# zero flute bit



## levon (Sep 14, 2008)

will this bit cut plastic???


Buy 1/4" D x 3/4" CL, 1/4" SH, 2-1/2" OL - O-Flute Up Cut Spiral Bit,


----------



## levon (Sep 14, 2008)

bump


----------



## AxlMyk (Jun 13, 2006)

The description says it is used primarily to cut plastic.


----------



## levon (Sep 14, 2008)

hi Mike, i was confused because up top it says 0 flute and where it said it would cut plastic it said 2 flute. im still searching other places for the0 flute bits. my main problem is im totally unfamiliar with them. i remember seeing someone mention them not long ago i think.


----------



## AxlMyk (Jun 13, 2006)

It appears to be a typo.
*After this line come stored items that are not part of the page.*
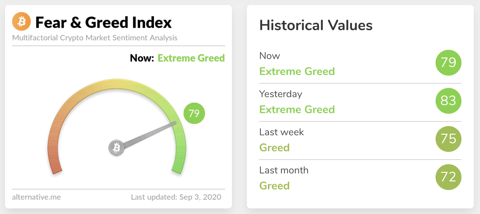 We’re still up there in Extreme Greed, down 4 points from 83 yesterday to 79. August was characterised by greed, and we’ve never seen a whole month up in this area – will the run continue through September?
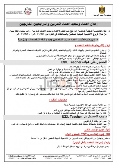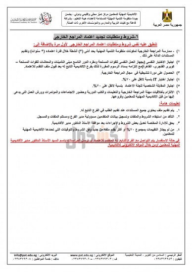 المهنية للمعلمين عن فتح باب التقدم لاعتماد المدربين والمراجعيين الخارجيين من خلال
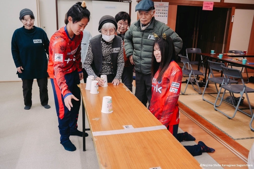 「ふれあい・いきいきサロン茜の会」は相模原市南区の新磯地区を拠点とする、高齢者の身近な交流・仲間づくりの場です。ノジマステラ神奈川相模原は2024/25シーズンより2カ月に1回程度、茜の会の皆さまと交流会を行っています。
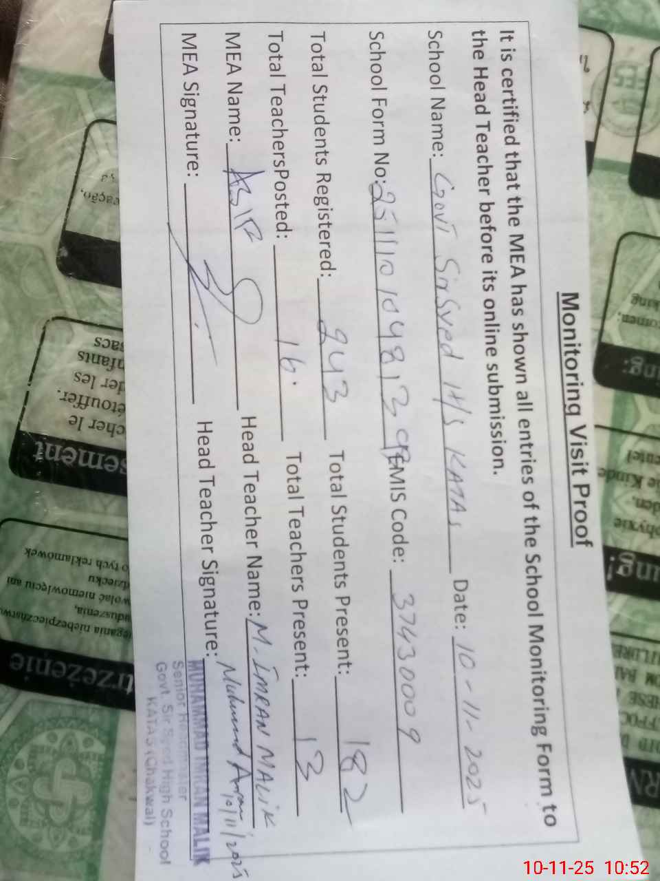 | EMIS Code: 37430009 | Name of School: GHS SIR SYED KATAS | |||

The picture shows a 2 flute bit.


----------



## levon (Sep 14, 2008)

i wondered, but i dont know enough about them to tell, lol i do want to try and find the cheapest one i can, it probably wont get used much.

you just cant buy things like that in my are, everything has to be ordered.


----------



## bobj3 (Jan 17, 2006)

Hi levon

It will work great for plastic, they make 3 kinds that work well, see below.


========



levon said:


> bump


----------



## levon (Sep 14, 2008)

bobj3 said:


> Hi levon
> 
> It will work great for plastic, they make 3 kinds that work well, see below.
> 
> ...



hi BobJ

if i use a bit like this to cut 1/4 plastic to approximate size, can i then use a trim bit to get it right as in putting on laminate? in other words if i were using the plastic on top of mdf in stead of formica??


----------



## bobj3 (Jan 17, 2006)

HI levon

You bet,,,just turn the speed down all the way,,just about any bit will do a claan job ,it just needs to be SHARP and the speed must be down..the 1/8" bit works the best..for me >>



====



levon said:


> hi BobJ
> 
> if i use a bit like this to cut 1/4 plastic to approximate size, can i then use a trim bit to get it right as in putting on laminate? in other words if i were using the plastic on top of mdf in stead of formica??


----------



## levon (Sep 14, 2008)

hi BobJ

i dont have a 1/8 bit, bit i have a sharp 1/4 upcut bit. are you saying if i turn the speed way down i could use the bit i have to cut material to approximate size with the 1/4 upcut bit i already have and then use the trim bit? i have an older router that is 1/4 collet only and i have a speed controller that i use with it.


----------



## machinistchest (Jun 24, 2009)

Plastic can be a challange to cut I always use a new cutter . I rigged up an air line . Point it right where the tool makes contact with the work ,blows them chips out before they get a chance to melt back to the work keeps it cool .These are the only days when I glad to have moisture in the lines .I machine alot of nylon an tefzel elasticity is something like 400 %

John


----------



## TWheels (May 26, 2006)

As I understand it, the plastic cutting bits are O flute where the O is the uppercase letter O, not the number 0 (zero), so the O flute bits can have any number flutes. I think the O refers to the shape of the flute.


----------